About 2 weeks ago, I got a flashing check engine light on startup and a bumpy idle. I turned off the car and back on, and both issues were gone. I subsequently took the car to the dealership hoping it was the intake flapper motor to be covered under extended warranty. NOPE, got these three codes pulled. TECH showed me the airbox had a crack in it PRE MAF and cited this as the problem for the misfires. He said it would cause the car to run lean. How on earth would a vacumn leak PRE MAF cause a lean condition, and only on two cylinders? 

In addition, the tech noticed oil in the coolant overflow bottle. While the tech was in there, he replaced all four coilpacks under recall, buttoned up the motor and gave it back to me. 

So today, I start the car cold for the first time in a while and I get the same flashing CEL and bumpy idle. Turned it off, and back on again for it to be just fine. Drove to Autozone to have the codes pulled and I get: p0300, p0301, p0304.

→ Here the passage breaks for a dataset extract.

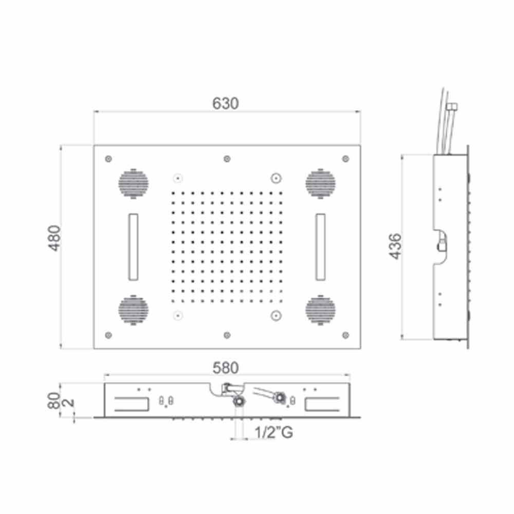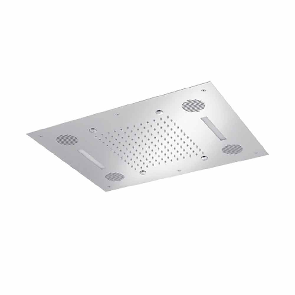 Soffione doccia in acciaio inox con cromoterapia e accesso radio, prodotto di lusso Made in Italy.
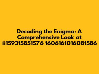 Hey guys! Ever stumbled upon a cryptic string of characters and wondered what secrets it held? Today, we're diving deep into the mysterious world of ii159315851576 1606161016081586. This alphanumeric sequence might seem like gibberish at first glance, but fear not! We're here to break it down, explore its potential meanings, and understand where it might come from. This is going to be a wild ride, so buckle up and get ready to decode! Let's embark on a journey to uncover what this string could possibly represent. It could be anything from a serial number to an encoded message, or even just a random sequence. The possibilities are endless, and that's what makes it so intriguing! We'll explore different scenarios and potential uses, providing you with a comprehensive understanding. Are you ready to become a decoding master? Let's dive in! This is all about understanding patterns and context. Think of it like solving a puzzle – each piece of information brings you closer to the complete picture. We'll start by analyzing the structure of the string, looking for any recognizable patterns or sequences. Then, we'll consider the potential sources of the string, such as databases, software applications, or even hardware devices. Finally, we'll explore different decoding techniques and tools that can help us unlock the secrets hidden within ii159315851576 1606161016081586. So, get your thinking caps on, and let's get started!

Autozone printout says most likely cause is lean A/F due to vacumn leak. Also adds 3 other possible causes: Ignition system fault, fuel injector fault, and engine mechanical condition.

SO... Anyone have any ideas as to what could be wrong with my motor? I only have 82K on it, and its acting up a lot lately. BTW, i have an 06 A3 2.0T with 6MT. 

EDIT: I replaced the spark plugs at 55K miles with NGK's one heat range colder. The only mod on this car is an EIP CAI.


----------



## x9t (Sep 19, 2005)

.. carbon build up can cause missfires or maybe injectors.. I guess you would have to run some logs.

JT


----------



## vdubaz (Jul 12, 2011)

Euro,
Any word on what was the cause for the misfires?

I have 138k on my '07 GTI and i've had this issue for over 4 months now and i'm hoping to find the cure.
My independent vw shop is looking at the car next week and i'd like to see if I can throw them some possible causes.
So far PCV, Plugs, Coils, and Purge Valve have been replaced on my ride.


----------



## xtravbx (May 21, 2005)

w/ 138k i'd be worry about carbon build up.

obviously fueling too - cam follower, hpfp, etc.


----------



## fantonio (Feb 12, 2012)

*Same here*

I have the same 3 codes and high mileage....hopefully someone will have an update


----------